The above will build an iree-run-module.apk under the ./build-apk/ directory, which you can then install via adb install.

build_apk.sh needs the Android SDK and NDK internally, an easy way to manage them is by installing Android Studio. After installation, you will need to set up a few environment variables, which are printed at the beginning of build_apk.sh invocation.

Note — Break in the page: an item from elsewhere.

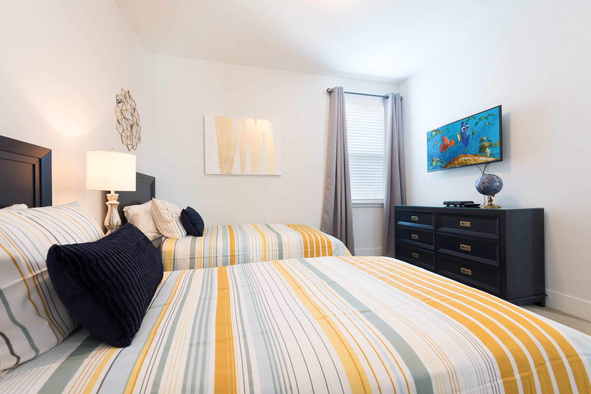 Sleeping up to 8 people, EC243 has bedrooms across both floors including a children's themed bedroom and is furnished with a modern twist! The games room is equipped with a foosball and ping pong table as well the upper floor loft area has a flat screen TV and large leather sectional so the fun does not have to end at the theme parks!

Capture and analyze with AGI

You can follow AGI's Getting Started page to learn how to use it. In general the steps are:

  • Install the latest AGI from https://github.com/google/agi/releases and launch.
  • Fill in the “Application” field by searching the app. The line should read like android.intent.action.MAIN:dev.iree.run_module/android.app.NativeActivity.
  • Select start at beginning and choose a proper duration.
  • Configure system profile to include all GPU counters.
  • Start capture.

Generated traces are in the perfetto format. They can be viewed directly within AGI and also online in a browser at https://ui.perfetto.dev/, without needing an Android device.

Desktop GPUs

Vulkan supports both graphics and compute, but most tools in the Vulkan ecosystem focus on graphics. As a result, some Vulkan profiling tools expect commands to correspond to a sequence of frames presented to displays via framebuffers. This means additional steps for IREE and other Vulkan applications that solely rely on headless compute. For graphics-focused tools, we need to wrap IREE's logic inside a dummy rendering loop in order to provide the necessary markers for these tools to perform capture and analysis.

AMD

For AMD GPUs, Radeon GPU Profiler (RGP) is the tool to understand fine details of how IREE GPU performs. See the documentation for details.

NVIDIA

For NVIDIA GPUs, NVIDIA Nsight Graphics is the tool to understand fine details of how IREE GPU performs. See the documentation for details.